Diagnosing Model Fit (RMSE and Residuals) For the multiple regression model from
Question 2 (LifeExpectancy ~ GDP + Health + Internet), calculate the RMSE and explain
what it represents in the context of predicting life expectancy. How would large residuals
for certain countries (e.g., those with unusually high or low life expectancy) affect your
confidence in the model’s predictions, and what might you investigate further?

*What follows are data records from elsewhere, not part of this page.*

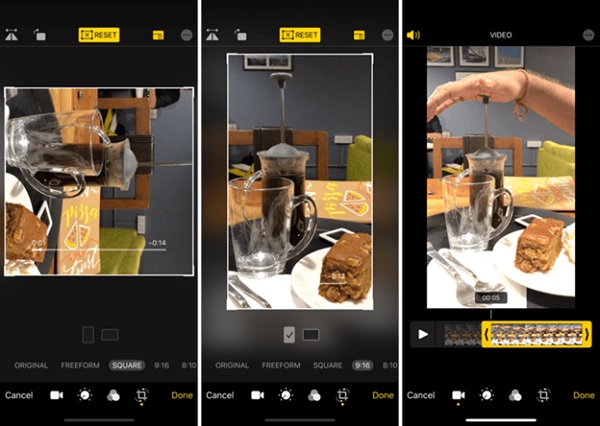 Chọn Video trong ứng dụng Ảnh, nhấn Edit và thao tác dựa trên những chế độ chỉnh sửa có sẵn như: cắt, xoay video, điều chỉnh độ sáng, độ bão hòa, độ tương phản,… Ngoài ra, iPhone 11 còn tích hợp sẵn các bộ lọc cho video, nhưng lưu ý rằng video càng dài thì việc áp dụng các chỉnh sửa sẽ mất thêm nhiều thời gian hơn.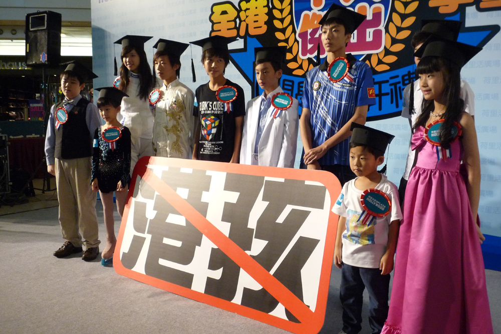 圖:十名在藝術、音樂及運動等方面表現出色的學童,昨宣傳不做「港孩」訊息 本報攝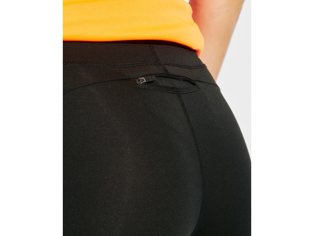 Женские спортивные легинсы длиной три четверти. Эластичный пояс с внутренним шнурком для регулировки. Светоотражающие детали. Карман сзади на молнии.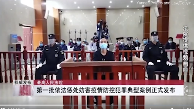 Công dân Trung Quốc đầu tiên bị xử tử vì phạm tội liên quan tới đại dịch Covid-19. Theo Tòa án nhân dân tối cao Trung Quốc đây là trường hợp đầu tiên "đặc biệt tệ hại" và tác động của hành vi phạm tội tới xã hội là "vô cùng nghiêm trọng". (Toàn những động từ mạnh)
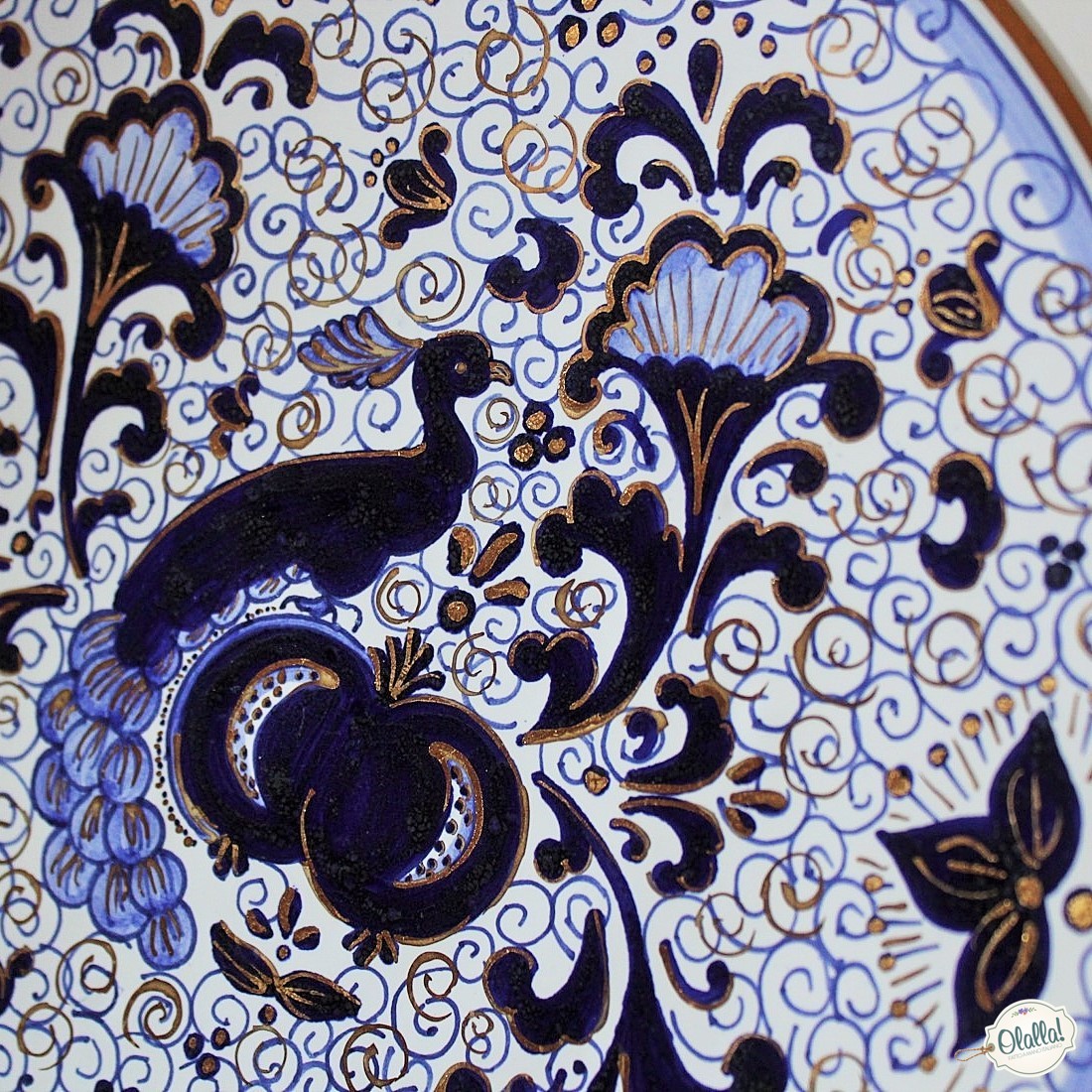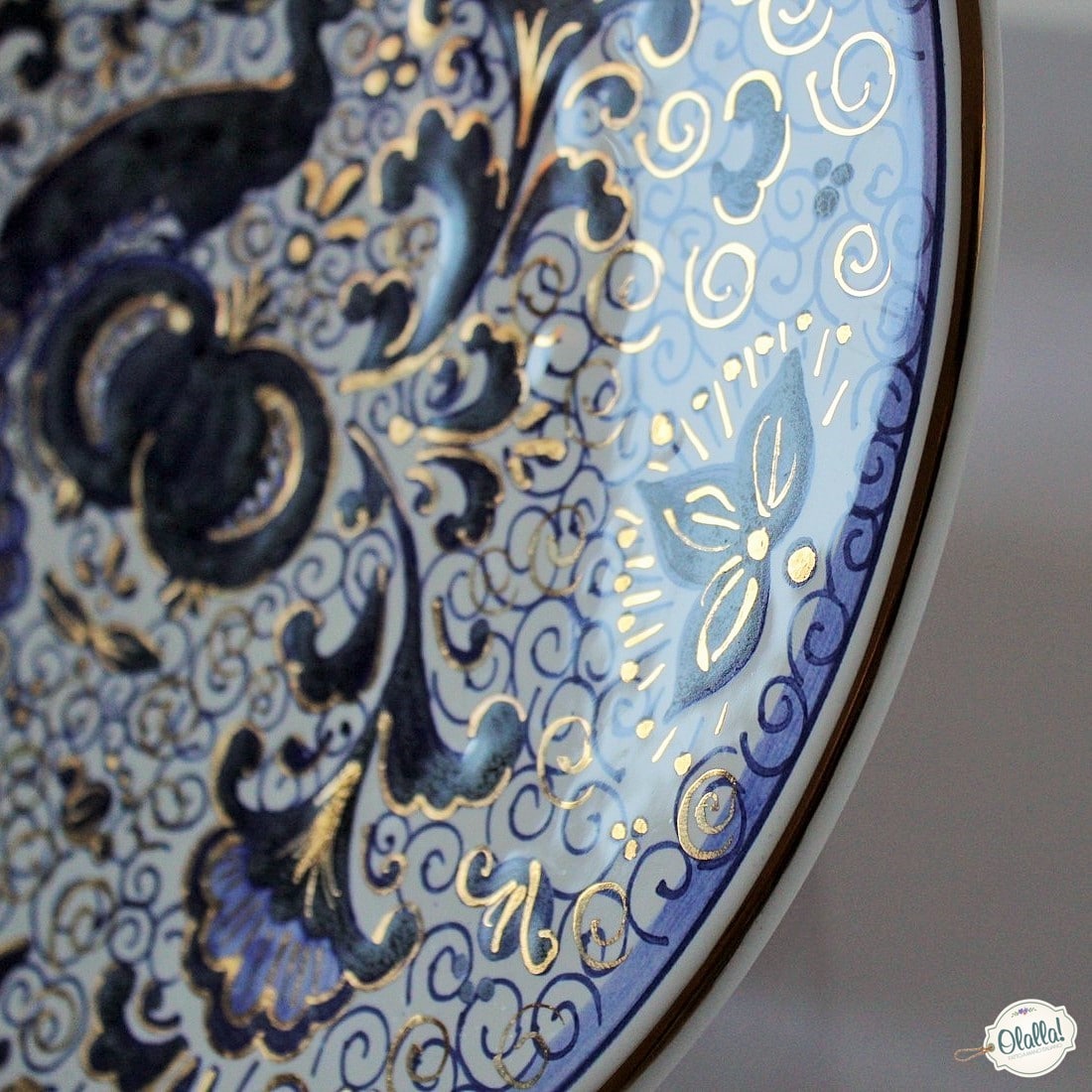 Splendido e prezioso piatto decorativo in ceramica con disegno di pavone e ricami in oro. Questo piatto impreziosirà il vostro arredamento come splendido centrotavola o appeso alla parete. Un regalo importante e splendido per tutti gli amanti delle cose belle, nel segno di una delle grandi tradizioni ceramiche italiane.

# Calculate residualsresiduals_multiple <-resid(multiple_model)# Calculate RMSE for multiple modelrmse_multiple <-sqrt(mean(residuals_multiple^2))rmse_multiple
[1] 4.056417
This RSME means that predictions for life expectancy miss by about 4.1 years on average. Larger residuals (meaning a greater difference between actual and predicted values) would mean the model is less accurate so I would be less confident in it’s predictions. I would likely examine or add other variables to the multiple linear model to account for the variation in the data.
Hypothetical Example
Hypothetical Example (Multicollinearity in Multiple Regression) Suppose you are
analyzing the AllCountries dataset and fit a multiple linear regression model to predict
CO2 emissions (metric tons per capita) using Energy (kilotons of oil equivalent) and
Electricity (kWh per capita) as predictors. You notice that Energy and Electricity are
highly correlated. Explain how this multicollinearity might affect the interpretation of the
regression coefficients and the reliability of the model.
Multicollinearity makes the results and coefficents less precise and less reliable because energy is dependent on electricity (or vise versa). The model will become less reliable as a result, so I could either remove one of the variables or create two models with one of the variables in each and look at the results seperately.